## SUPPLIED INFORMATION
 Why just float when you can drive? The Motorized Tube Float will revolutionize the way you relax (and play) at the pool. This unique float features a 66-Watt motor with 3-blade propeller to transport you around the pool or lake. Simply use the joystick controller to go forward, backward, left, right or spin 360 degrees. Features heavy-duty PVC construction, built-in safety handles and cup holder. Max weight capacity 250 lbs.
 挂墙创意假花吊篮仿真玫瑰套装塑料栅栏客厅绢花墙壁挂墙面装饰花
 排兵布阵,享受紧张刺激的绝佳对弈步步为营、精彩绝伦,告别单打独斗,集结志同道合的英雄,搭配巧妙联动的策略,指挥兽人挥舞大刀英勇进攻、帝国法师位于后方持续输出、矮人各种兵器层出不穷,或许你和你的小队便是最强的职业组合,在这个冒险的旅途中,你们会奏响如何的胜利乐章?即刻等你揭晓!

--

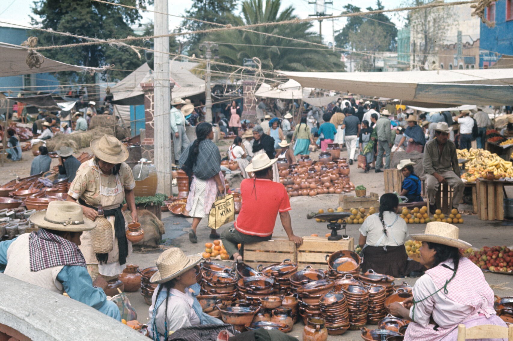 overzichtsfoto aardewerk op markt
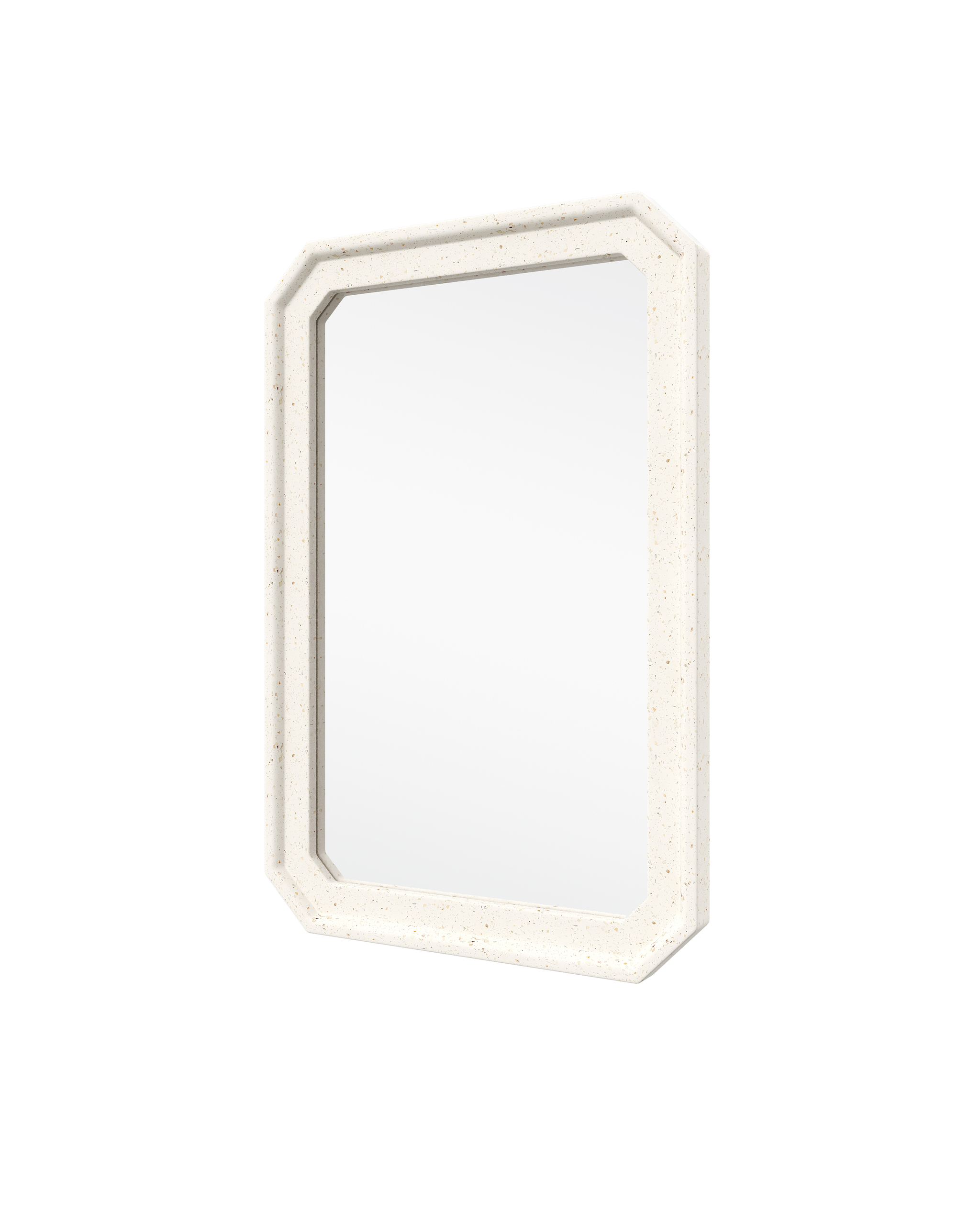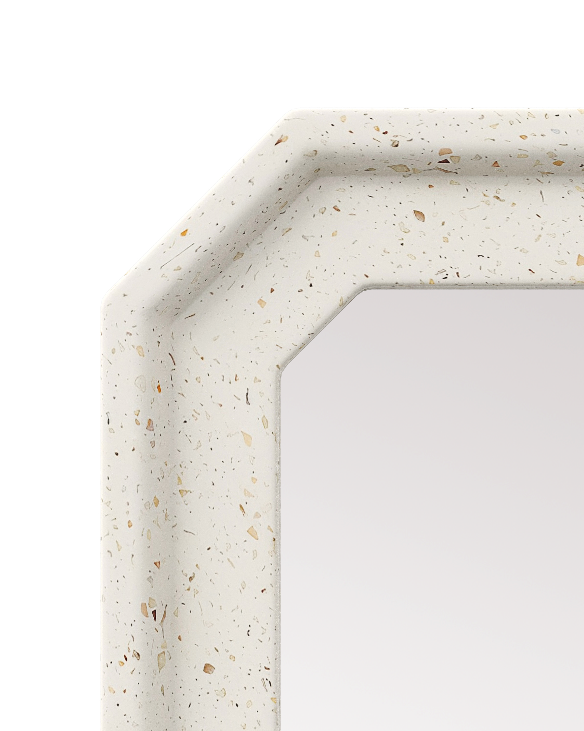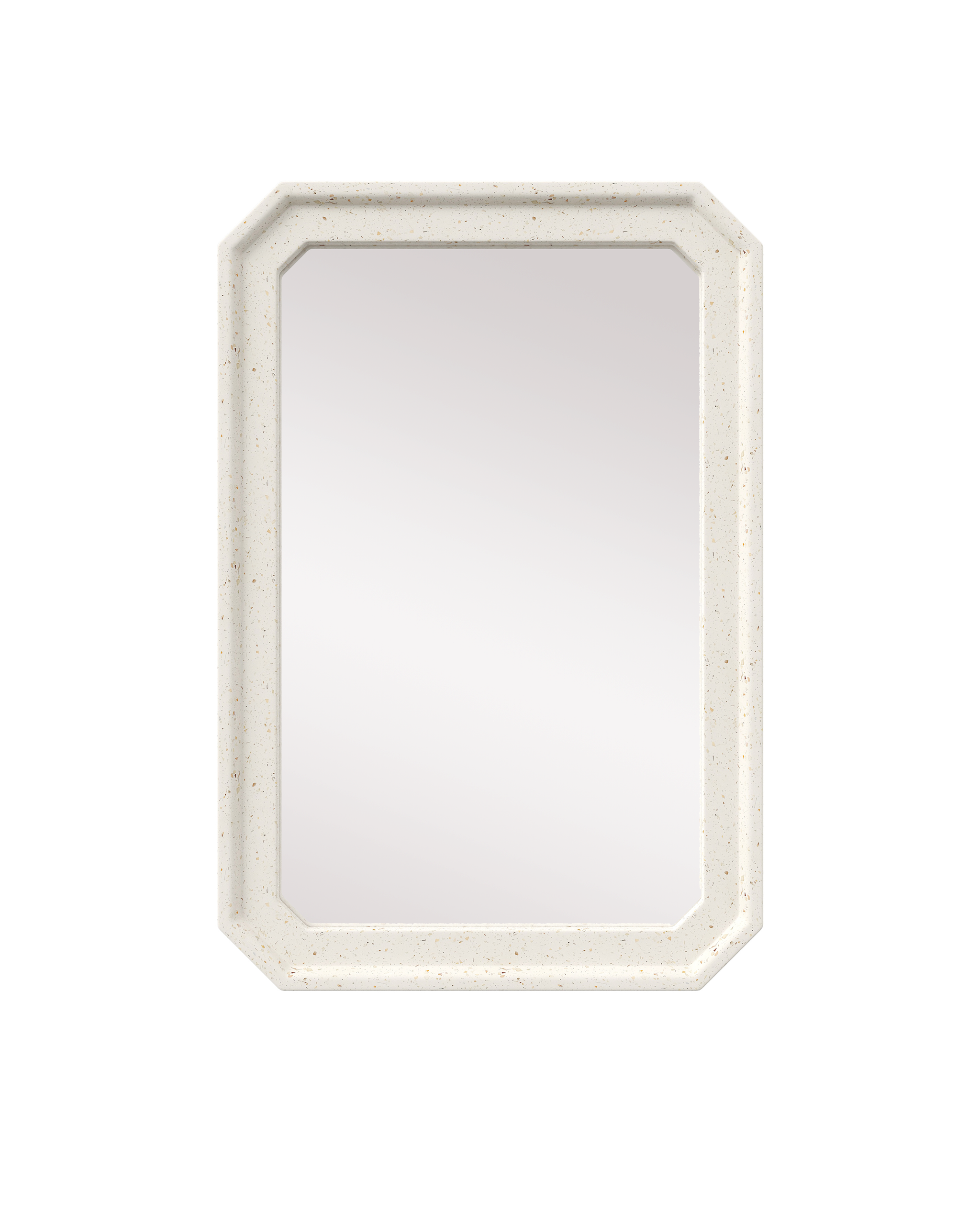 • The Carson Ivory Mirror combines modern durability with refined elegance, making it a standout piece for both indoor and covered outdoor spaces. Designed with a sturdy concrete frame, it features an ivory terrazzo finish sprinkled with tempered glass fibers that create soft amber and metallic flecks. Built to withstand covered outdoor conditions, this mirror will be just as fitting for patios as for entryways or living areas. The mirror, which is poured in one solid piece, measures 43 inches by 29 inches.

## REQUIREMENT
Using the entries above, give again exactly the lines from the line holding "挂墙创意假花吊篮仿真玫瑰套装塑料栅栏客厅绢花墙壁挂墙面装饰花" through the line holding "排兵布阵,享受紧张刺激的绝佳". Include both end lines and nothing else.

## PROBLEM SOLUTION
 挂墙创意假花吊篮仿真玫瑰套装塑料栅栏客厅绢花墙壁挂墙面装饰花
 排兵布阵,享受紧张刺激的绝佳对弈步步为营、精彩绝伦,告别单打独斗,集结志同道合的英雄,搭配巧妙联动的策略,指挥兽人挥舞大刀英勇进攻、帝国法师位于后方持续输出、矮人各种兵器层出不穷,或许你和你的小队便是最强的职业组合,在这个冒险的旅途中,你们会奏响如何的胜利乐章?即刻等你揭晓!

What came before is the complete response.